To better utilize disease association knowledge, this study proposed the disease progression prediction model DAPNet, which relies on patients’ disease progression information and disease association networks to predict disease in the future. DAPNet consists of three modules (Fig. 1): Module A (Fig. 1A) aims to aggregate patients’ clinical representations using CNN based on clinical features. Module B (Fig. 1B) utilizes GCL to learn the network representation based on multi-source disease association networks [48]. Finally, module C (Fig. 1C) combines the patient embedding learned from modules A and B, and uses a multi-layer perception (MLP) to predict the patient’s future disease progression.
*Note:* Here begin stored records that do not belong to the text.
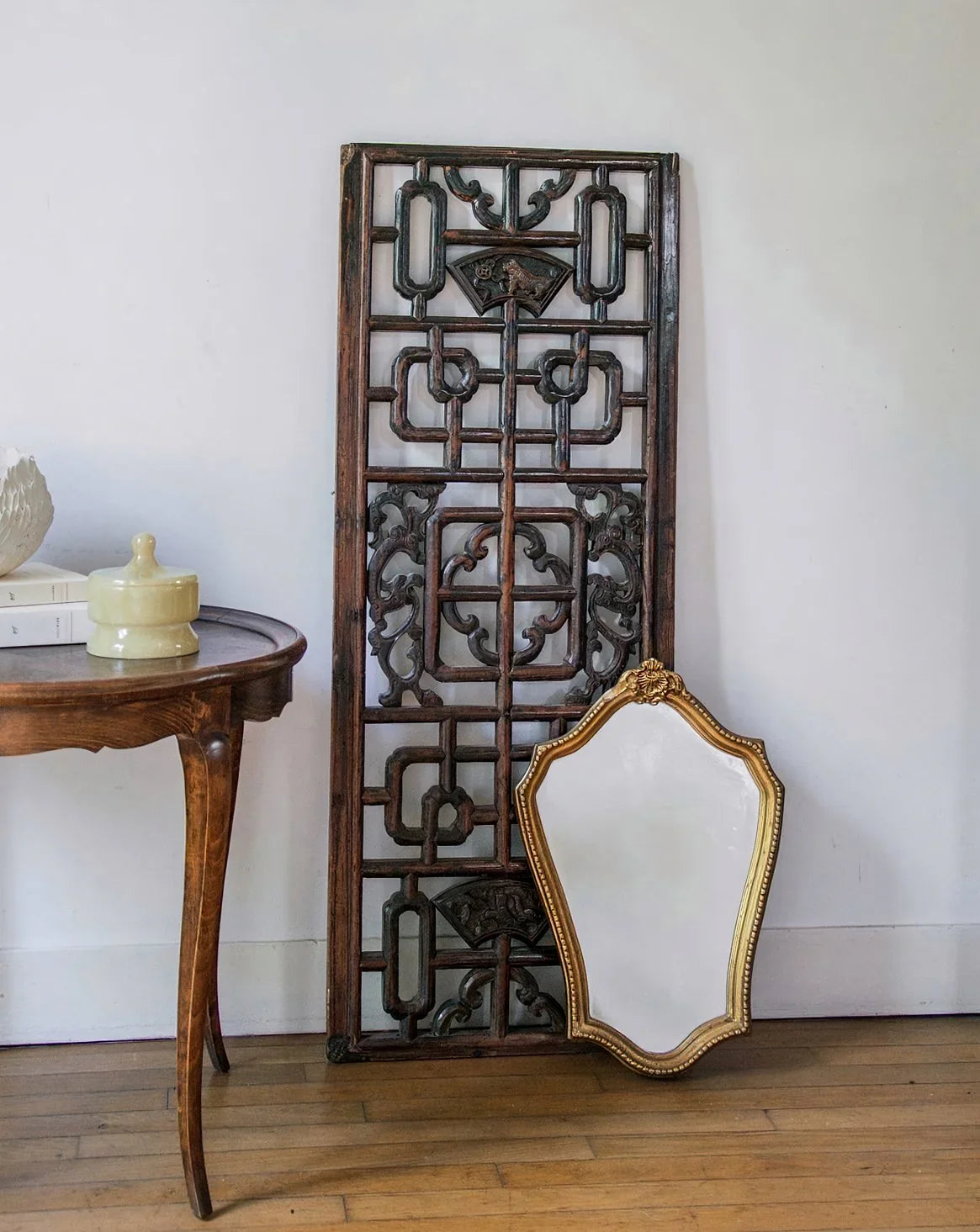 Discover this Asian wall decoration in dark wood, finely carved in the spirit of a traditional screen. Its openwork pattern brings a touch of elegance and mystery to any interior. Ideal for dressing a wall with character and authenticity. A few signs of age bear witness to its history. A unique decorative piece with timeless charm.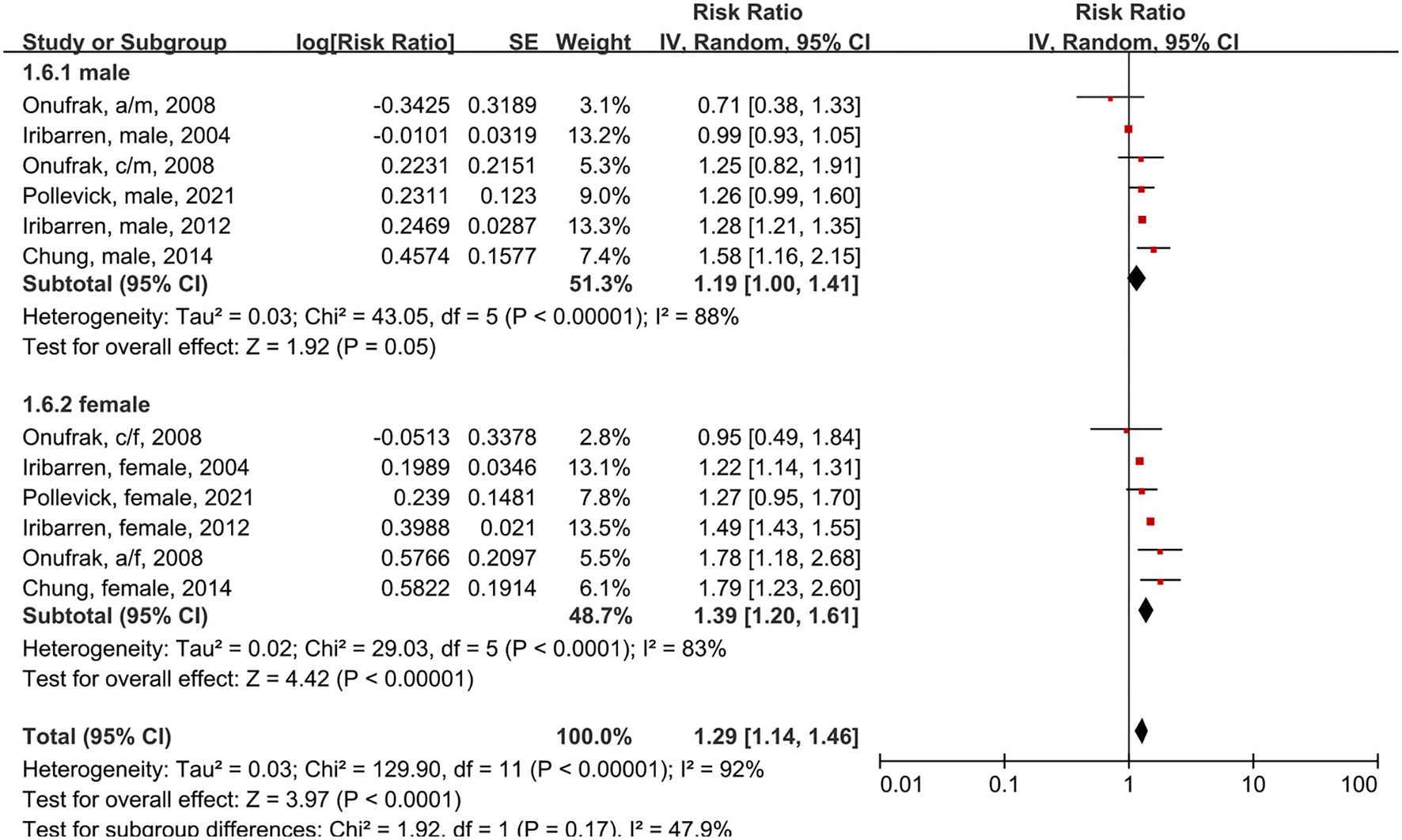 Forest plot shows association between asthma and CVD morbidity in male and female asthma patients. SE, standard error; IV, Inverse Variance method; df, degrees of freedom; a/f, adult female; a/m, adult male; c/f, child female; c/m, child male.
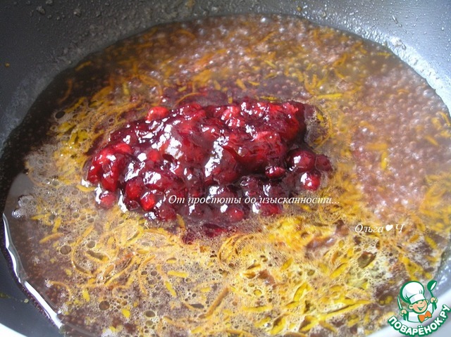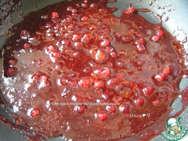 В небольшом количестве вишневого сока разведите крахмал, смешайте с остальным соком и перелейте в сковороду, нагрейте, затем добавьте брусничный соус.

Module A (Fig. 1A) is mainly responsible for learning the clinical embedding of patients. This module mainly primarily comprises linear transformation operations and CNN-based embedding extraction. Initially, patient embeddings are constructed based on their disease conditions. To mitigate data sparsity, a large amount of 0 in the matrix is filled with values with the help of a fully connected network, which simultaneously learns the implicit relationships between diseases. Additionally, CNN is used to extract disease embedding, taking advantage of the ICD-10 tree structureal code information. Since input data corresponds to diseases sorted by disease codes, the tree structure of ICD-10 coding results in similar or consecutive disease codes corresponding to leaf nodes under the same broad category [18]. Compared to neural network models like MLP, CNN can effectively convolve patients’ disease characteristic data, fuse the disease embeddings with those of similar diseases, and extract high-quality clinical diagnostic embeddings. In the DAPNet model, the patient embedding is first denoted as $X_p^{'}$, which is then passed through the MLP network for activation. Subsequently, the patient embedding is extracted using a two-layer CNN model. The convolutional operation is denoted by Conv in formula (5).
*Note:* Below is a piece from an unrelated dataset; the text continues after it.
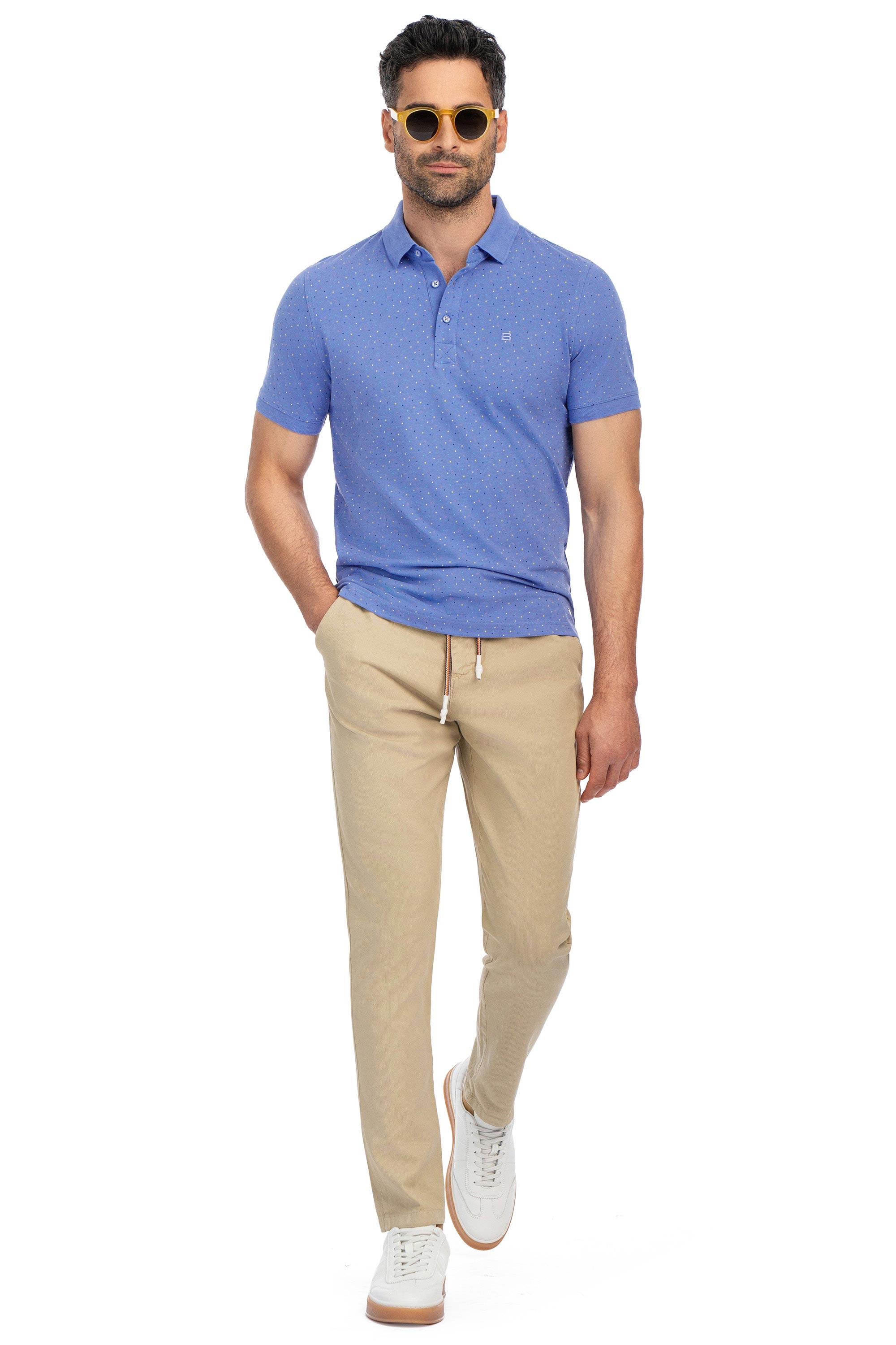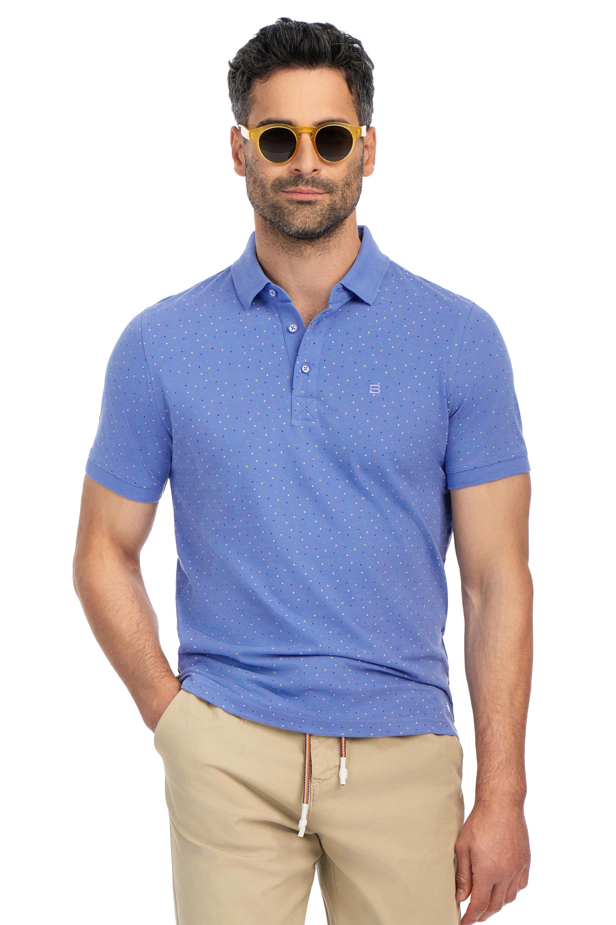 Tricou polo regular bleu print geometric 1

$$\begin{aligned} X_p^{\prime }=X_pW^{(0)}+b^{(0)} \end{aligned}$$

(4)

$$\begin{aligned} Z_{basic}=Conv\left( Conv(X_p^{\prime })\right) \end{aligned}$$

(5)

Module B (Fig. 1B) was mainly responsible for learning the characteristics of multi-source graph neural networks. It was mainly composed of GCL and MLP. The core of module B ware three disease association networks, whose adjacency matrix dimensions were the same. GCL has been a hot topic in graph representation in recent years [32,33,34,35]. In this study, we first introduced GCL into disease network representation learning and used the classical method GCN as a comparison. In each network, GCL was used to learn the link relationship of the disease association network and three node characteristic matrices were obtained. Since our network nodes correspond to diseases, we obtain the word vectors of diseases by weighted summation as the initial features of the disease network nodes. This study used Glove vectors and learned in advance from a large number of TCM books and EMRs in advance [49, 50]. Then it multiplied the activated patient’s disease embedding and the three groups of embedding matrices respectively to obtain three groups of patient embedding based on the combined disease association network.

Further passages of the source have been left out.